We have a ranch in New Mexico for kids with cancer, blood disorders and so on.  It opened and we founded it—it has been almost 10 years. 

And half, nearly half of the kids who come there are from minority groups, Native American, Hispanic, Asian American—an Asian American girl just won the Imus Ranch rodeo this past spring—African American.  Ten percent of the kids who come to our ranch are African American.

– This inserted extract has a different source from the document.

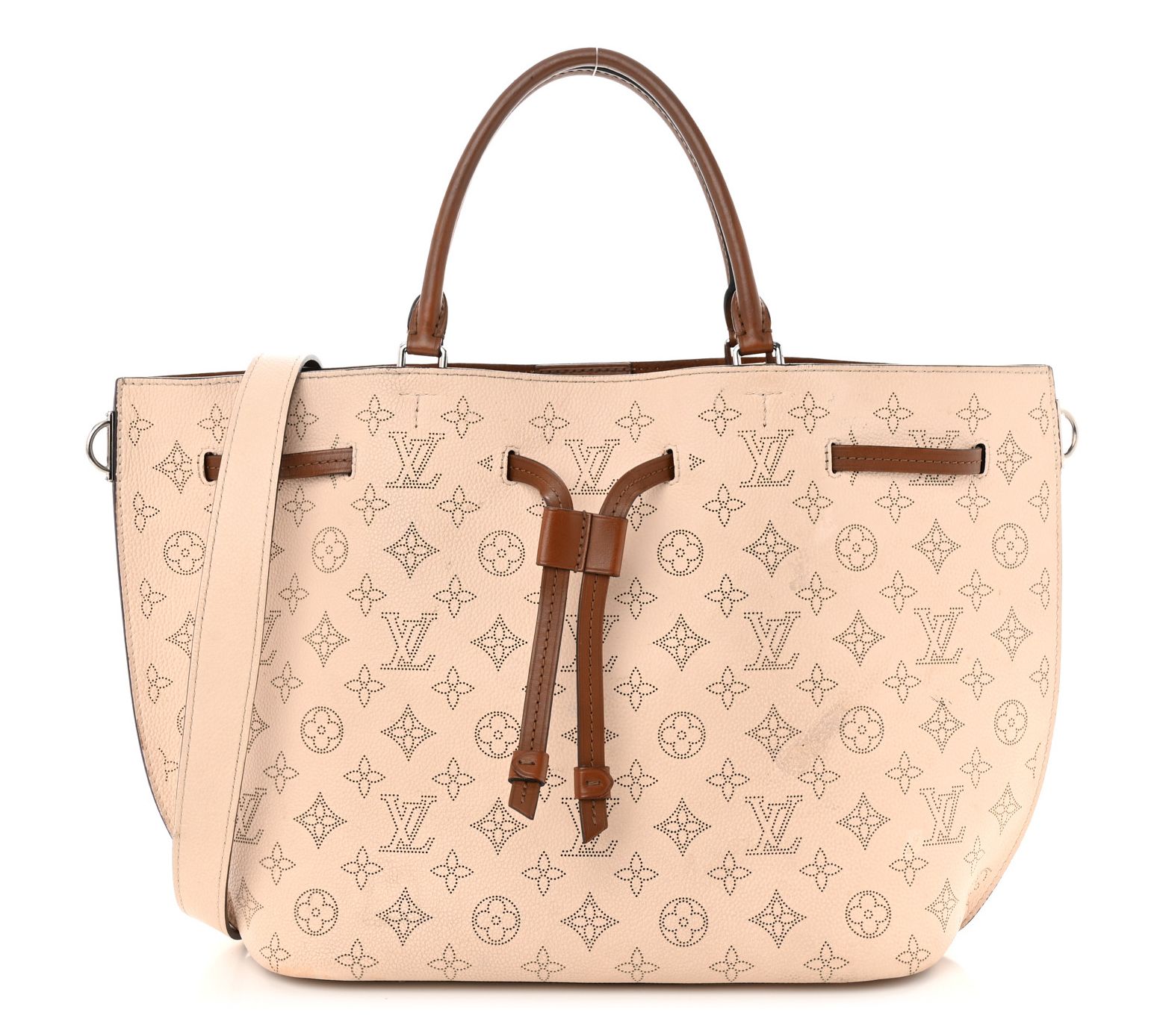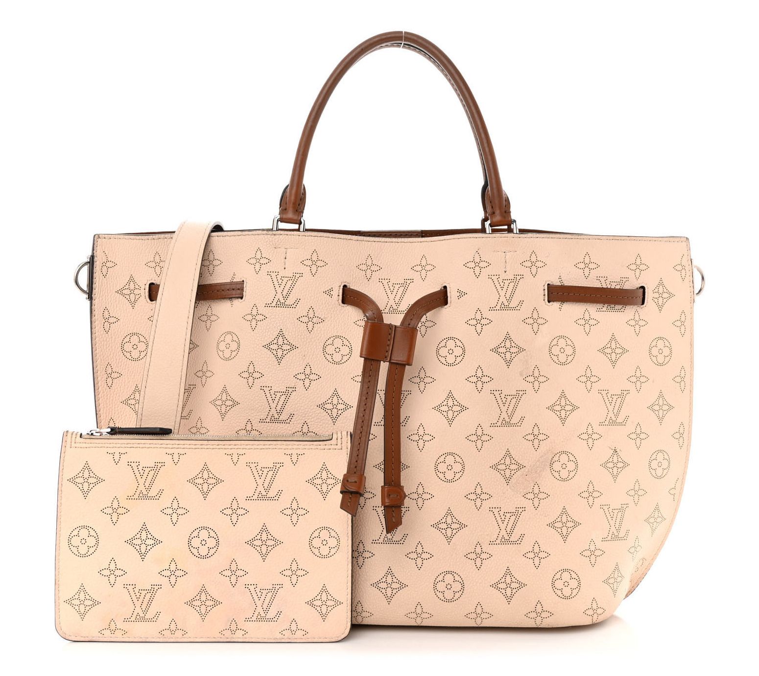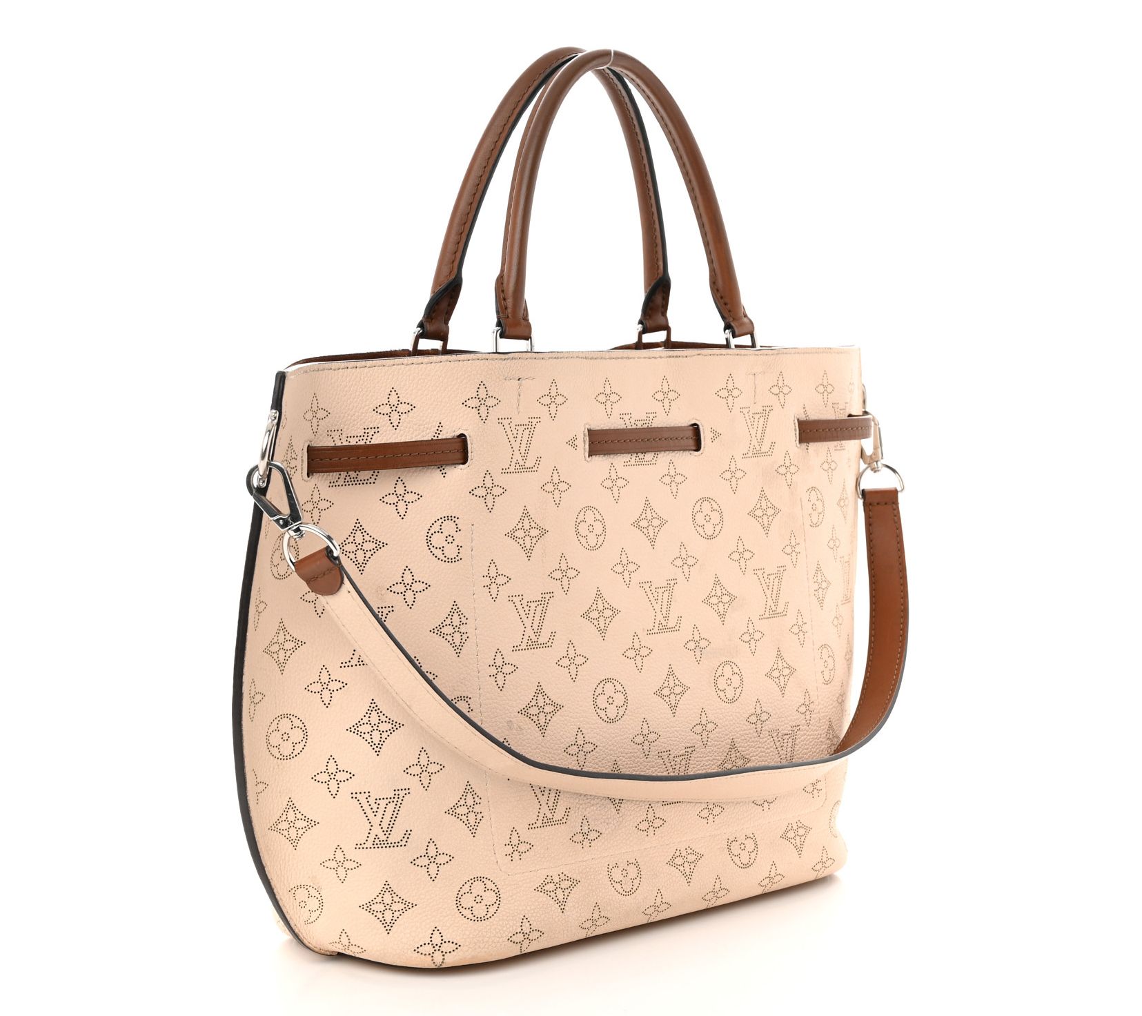 The pre-owned Louis Vuitton Mahina Girolata shoulder bag is perfect for those who value both elegance and functionality. With its adjustable drawstring closure and spacious interior, it's ideal for daily use and nights out. From Louis Vuitton.

I’m not a white man who doesn’t know any African Americans.  And my wife and I—Deirdre Imus—we run this ranch.  We don’t have counselors.  The whole basis of ranch is, these parents from all over this country and all over the world, they send their children to this ranch because they know that my wife and I are going to be their parents for 10 days.  They live in the house with us.  They eat with us.  They are with us 24 hours a day.  There’s not an African American parent on the planet who has sent their child to the Imus Ranch who didn’t trust me and trust my wife.

And when these kids die, we don’t just go to the white kids’ funeral.  Little Michael Mordan (ph), god bless him, he turned 17 years old on Christmas day, he died January 1st, and my wife and I of course went to his funeral.  It was a home-going service down in—near Philadelphia—my wife is from Connecticut, never been to one of those.  He knew that we loved him and he had been to the ranch twice.